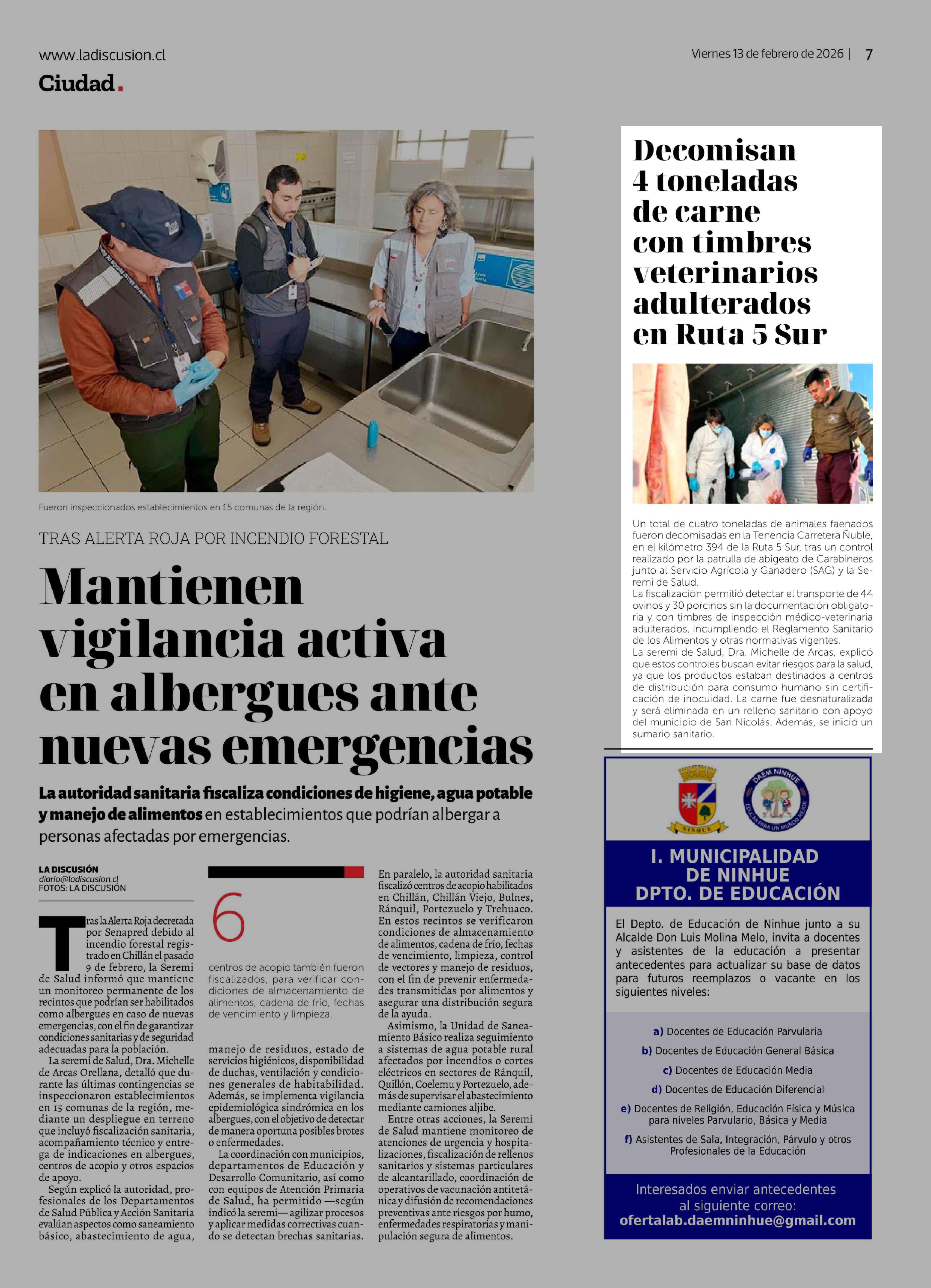 Fecha: 13-02-2026 Sector: Noticia general Región: Región del Ñuble
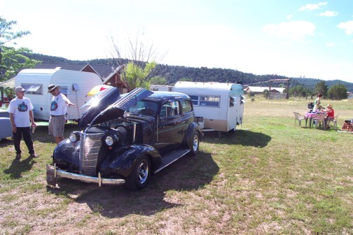 George & Pam's 73 Scotty Sportsman pulled by a 38 Chevy Sedan
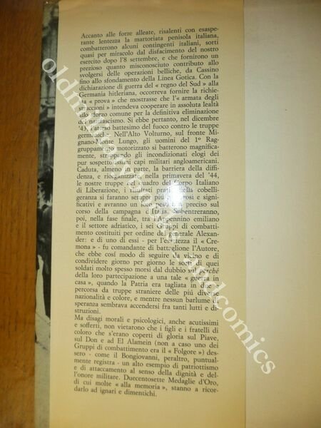 DESCRIZIONE: Mursia Milano 1967 II^ Ed., br. ed. ca. con sovracc. ill. con alette, pp. 317, con 32 illustrazioni in nero f.t. e 6 cartine in 8°. Da Cassino alla Linea Gotica storia dei soldati italiani che combatterono nei vari reparti del Corpo Italiano di Liberazione scritta dal comandante del Gruppo di Combattimento Cremona, una testimonianza diretta. CONDIZIONI: Ottime. PESO / WEIGHT: 600 gr. without package
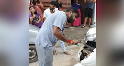 The video opens with the man using a small screwdriver to capture the spectacled cobra hidden inside the scooterette. As the man pokes it, the cobra raises its head from inside the scooterette, and hisses angrily. It further curls itself around the scooterette, resisting the man’s advances. However, the man manages to grab its tail and captures the serpent with his bare hands. Meanwhile, terrified onlookers record the unusual scene on their mobile phones.
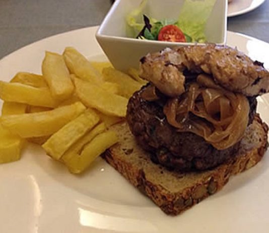 Hamburguesa con cebolla caramelizada y foie a la plancha
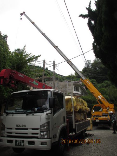 15メートルほど伸ばしたクレーンが建材を吊り上げ、棟梁の見事な誘導と
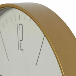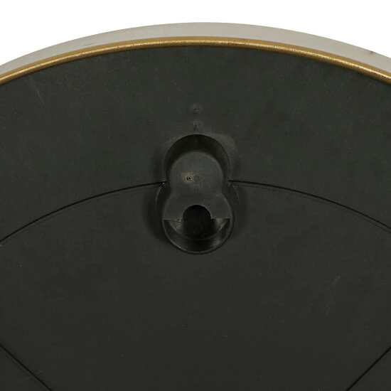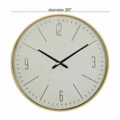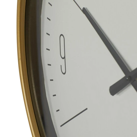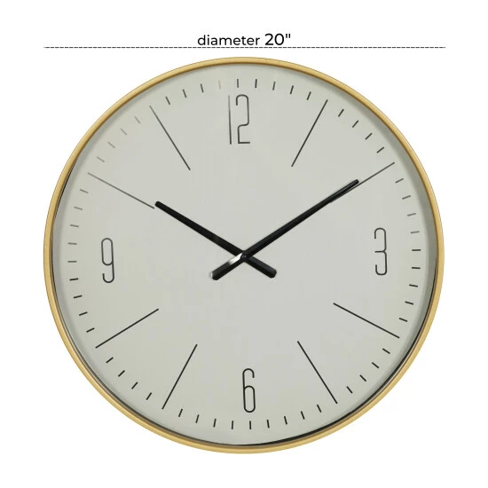 Time is a universal constant which you do not have control of. However, this vintage style white and gold/black round metal wall clock can bring time to a standstill when you admire it in your beautiful traditional inspired home. This unique piece features a round design with a slim and elegant gold/black finish metal border frame. The hour and minute hands are in a black finish together with the hour and minute markers. The hour markers only show 3, 6, 9, and 12 in Arabic numerals while the rest are in line bars. This elegant clock would definitely make an excellent focal point for your walls paired with some accent tables, and other decors of the same genre in your traditional inspired living space. 1 AA battery required (not included). This item ships in one carton. Features Arabic numerals for 12, 3, 6, 9 markers with minutes. The clock mechanism runs silent. Metal secure loop backing for easy hang. Suitable for indoor use only. Contemporary design.
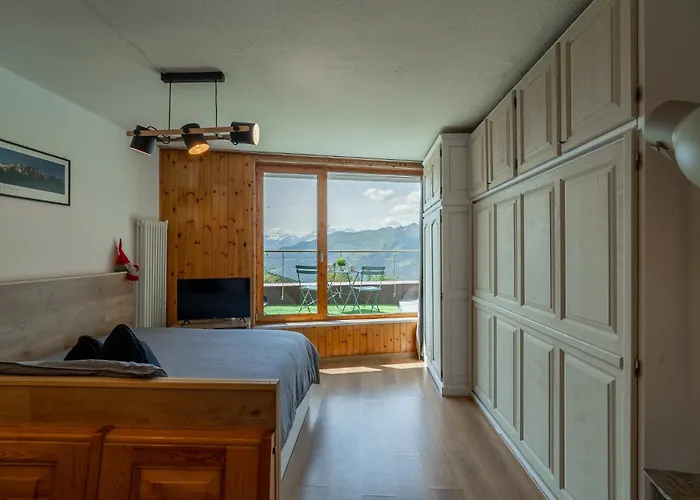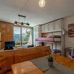 客室から山風景を望めます. このアパ-トは1室のベッドル-ムへ顧客を招待します. このアパ-トはビデ,個別のトイレ とバスタブのあるバスル-ムの1室を有しています.
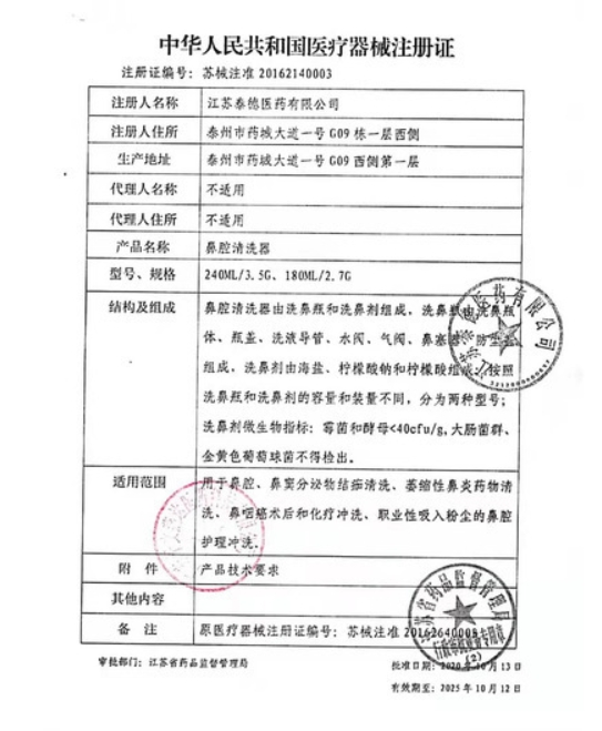 鼻可樂鼻腔清洗器兒童裝避免使用過冷或過熱的水配制洗鼻液。嚴禁使用不含本洗鼻劑的純水洗鼻,以避免嗆水及造成鼻粘膜細胞水腫。碘對鼻粘膜有破壞作用,嚴禁使用食鹽(含碘)代替本洗鼻劑。避免用純鹽水洗鼻子,以免引起鼻腔干燥,破壞鼻粘膜。洗鼻時避免吞咽或說笑?;加兄卸谆蚱渌r請不要洗鼻子,待耳病好了再洗。每次用后用干凈水沖洗洗鼻器,以避免殘留的洗液干結(jié)而堵塞液閥或氣閥。洗鼻器是個人專用品,不要共用一個洗鼻器,以避免交叉感染。有習慣性鼻出血的人要經(jīng)過醫(yī)生檢查后進行鼻腔清洗。首次兒童使用時請在家長指導下進行。
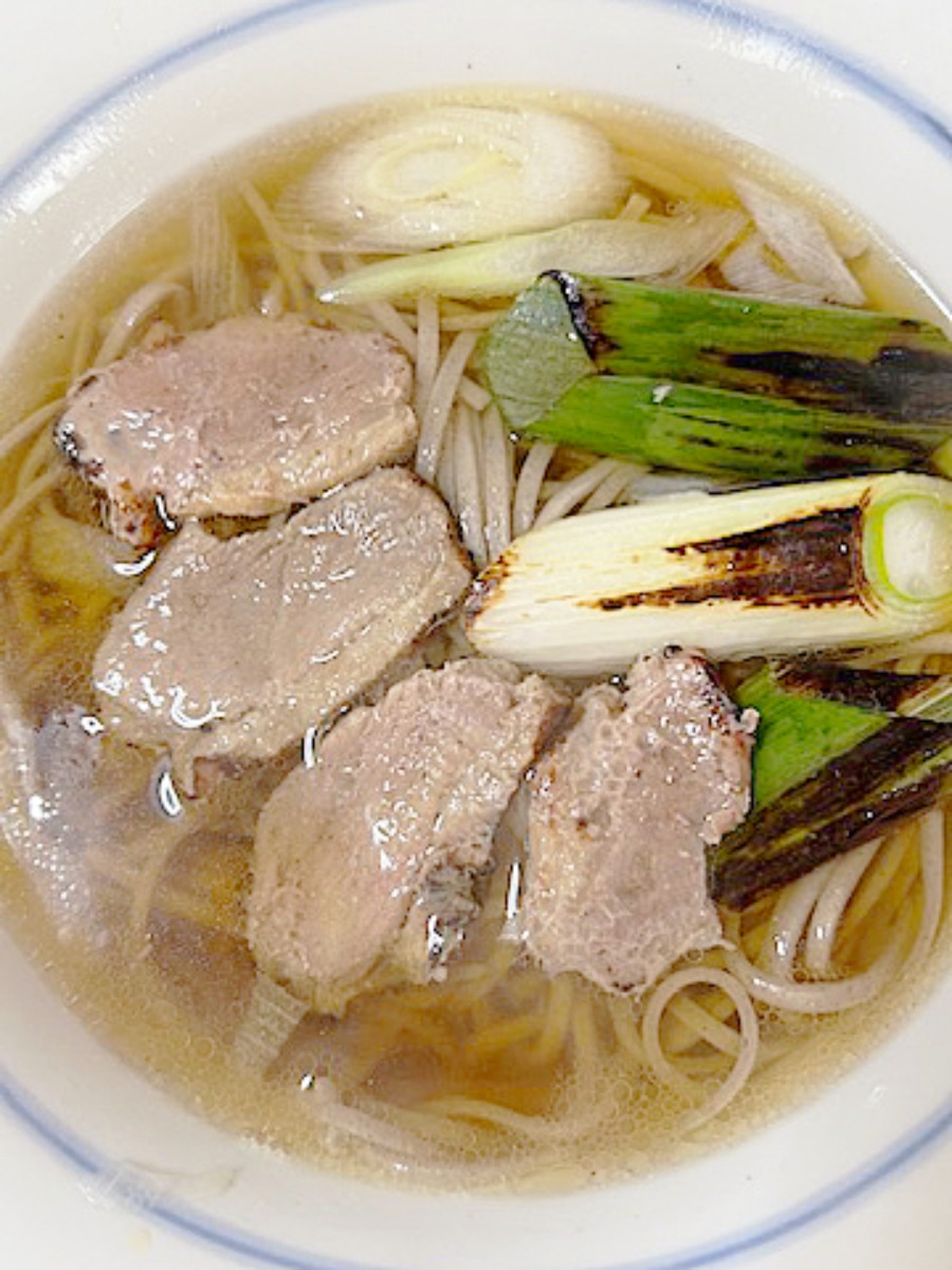 もう一つのおすすめが、こちらの「かも南蛮そば」です。香ばしい焼き目のついたネギと、旨味たっぷりの鴨肉がトッピングされており、優しいお出汁の香りが食欲をそそります。
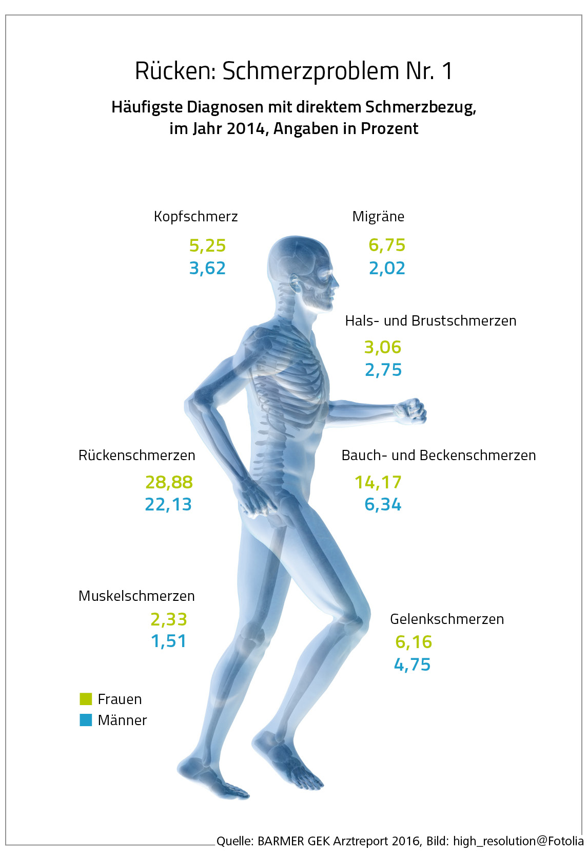 In Deutschland leiden etwa 27 Prozent der Bevölkerung unter chronischen Schmerzen. Trotz wichtiger Fortschritte gibt es deutlichen Verbesserungsbedarf in der Versorgung der Betroffenen, dies hat bereits 2016 der Barmer Arztreport deutlich gemacht. Seit 2018 fördert die Barmer eine interdisziplinäre Zusammenarbeit, um die Chronifizierung von Schmerzen zu verhindern.

##########

TASK GOAL:
Please write out, word for word, only the lines from the one holding "客室から山風景を望めます. このアパ-トは1室のベッドル-ムへ顧客を招待します. このアパ-トはビデ,個別のトイレ" through the end of the records above, with both end lines included and the pictures dropped.

TASK ANSWER:
 客室から山風景を望めます. このアパ-トは1室のベッドル-ムへ顧客を招待します. このアパ-トはビデ,個別のトイレ とバスタブのあるバスル-ムの1室を有しています.
 鼻可樂鼻腔清洗器兒童裝避免使用過冷或過熱的水配制洗鼻液。嚴禁使用不含本洗鼻劑的純水洗鼻,以避免嗆水及造成鼻粘膜細胞水腫。碘對鼻粘膜有破壞作用,嚴禁使用食鹽(含碘)代替本洗鼻劑。避免用純鹽水洗鼻子,以免引起鼻腔干燥,破壞鼻粘膜。洗鼻時避免吞咽或說笑?;加兄卸谆蚱渌r請不要洗鼻子,待耳病好了再洗。每次用后用干凈水沖洗洗鼻器,以避免殘留的洗液干結(jié)而堵塞液閥或氣閥。洗鼻器是個人專用品,不要共用一個洗鼻器,以避免交叉感染。有習慣性鼻出血的人要經(jīng)過醫(yī)生檢查后進行鼻腔清洗。首次兒童使用時請在家長指導下進行。
 もう一つのおすすめが、こちらの「かも南蛮そば」です。香ばしい焼き目のついたネギと、旨味たっぷりの鴨肉がトッピングされており、優しいお出汁の香りが食欲をそそります。
 In Deutschland leiden etwa 27 Prozent der Bevölkerung unter chronischen Schmerzen. Trotz wichtiger Fortschritte gibt es deutlichen Verbesserungsbedarf in der Versorgung der Betroffenen, dies hat bereits 2016 der Barmer Arztreport deutlich gemacht. Seit 2018 fördert die Barmer eine interdisziplinäre Zusammenarbeit, um die Chronifizierung von Schmerzen zu verhindern.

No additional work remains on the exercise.